The possibility that polygyny is largely the result of social behaviour, by which a proportion of males is excluded from the breeding population, was put forward by Balfour and Cadbury. Further research may be enlightening.
Neighbours
Possible prey species often nest successfully very close to a predator’s nest. I recall, for instance, Wrens feeding nestlings within a metre or two of a Merlin’s nest and Ring Ouzels habitually raising broods in the shadow of a Peregrine’s eyrie. I have seen the fledglings of several passerine birds, such as Robins, Wrens and Willow warblers, unconcernedly feeding among the conifers beside a
harrier’s nest with young. Eventually, of course, some of these may have been taken as prey (see Chapters 9 and 11), since female harriers do some hunting close to their nests. As a rule, however, there is probably a degree of safety for small birds in the immediate vicinity. There are interesting examples of several larger species of birds breeding close to harrier nests and no suggestion that such nests were ever raided by the harriers. I have already related Booth’s story of the Greyhen nesting at ‘six or seven paces’; and Picozzi found a Mallard on nine eggs at only 1.2 metres, in Orkney. Also in Orkney, Balfour recorded a Kestrel’s nest at 14.5 metres, and Merlins often nesting at distances of less than 100 metres. The close association of Hen Harrier, Merlin, Short-eared Owl and Kestrel nests has often been noted in Orkney where Kestrels, too, like the others, breed among the heather. In Galloway, I have found Short-eared Owls nesting within 200 metres but Merlins never so close. Dickson, in a different part of Galloway, found a Greylag Goose on its nest at less than 140 metres from a Hen Harrier’s and, another time, a Teal nesting closer than this. I have already mentioned that Hen, Montagu’s and Marsh Harriers sometimes nest in neighbourly association.
Bent has told how a Marsh Hawk once incubated twelve eggs of a Prairie Chicken. Only one chick hatched and ‘promptly ran away’.
Laying and incubation
The start of laying may be delayed by a sudden cold spell, or even a snowfall, but in Scotland the first egg is usually laid between late April and about 20 May. Blake, however, referring to the 1950s, said that laying began as early as mid-April in Central Scotland; more recently, in 1971 and 1972, nests found by Bremner and Macdonald (1970; 1971) in east Sutherland must have contained their first eggs by 10 April, calculating from fledging dates in mid-June. This is about the time that laying begins much further south, in the Netherlands, for instance. It is possible that the early Sutherland nesting originated with birds from a southerly locality. In the south-east of Ireland (Kerry), King has found a full clutch on 4 April but Scott has found that birds did not usually lay until mid-May in Co.

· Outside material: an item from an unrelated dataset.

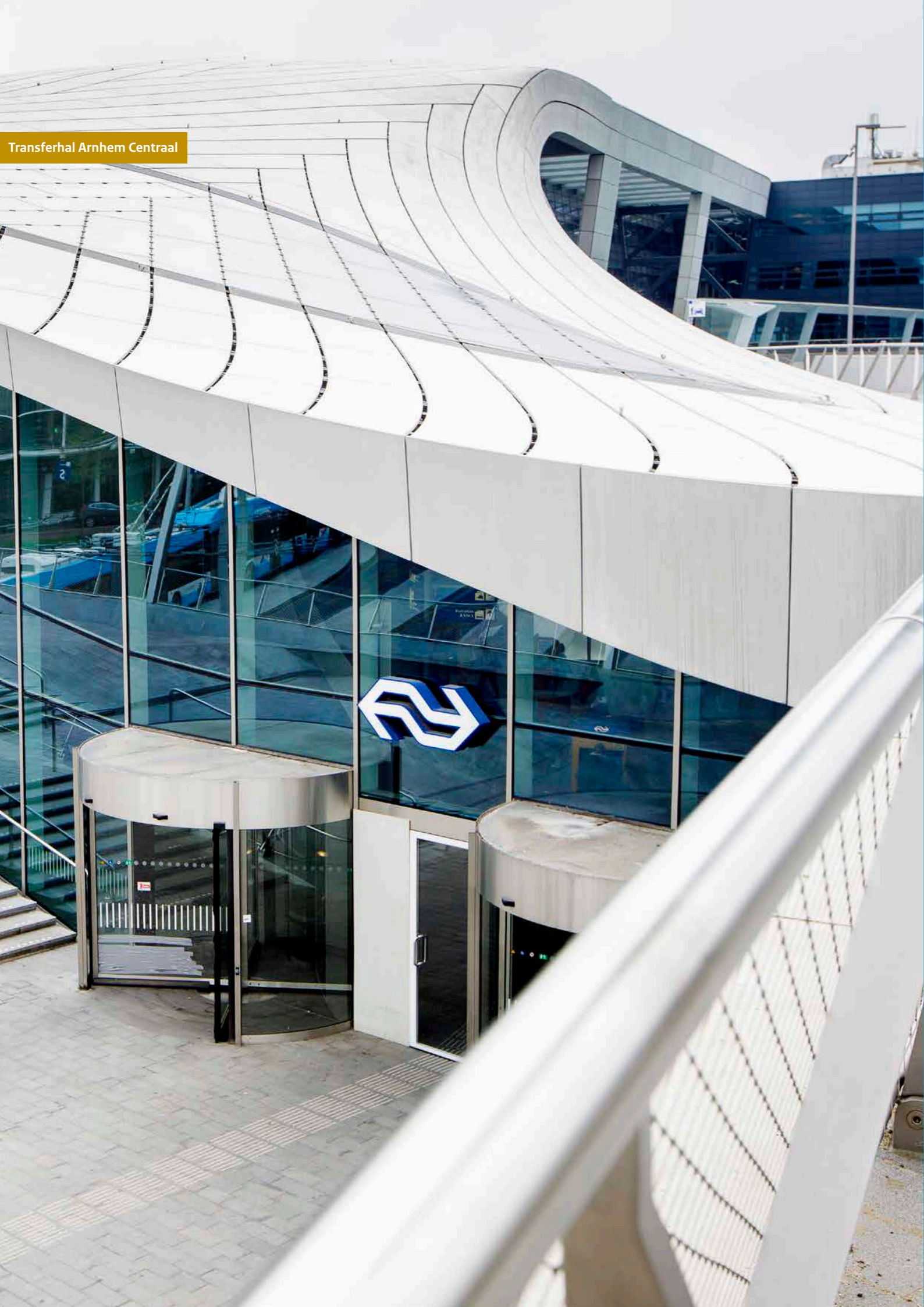
Transferhal Arnhem Centraal

Wicklow. Balfour’s earliest date for eggs was 19 April in Orkney and generally he found that few had full clutches before the end of the month, while the peak laying period was 11–20 May. This is very similar to my own experience in south-west Scotland and there is little if any difference in the laying season in Kintyre (Strang). Early failures are followed by repeat layings in which the clutch may not be complete until well into June.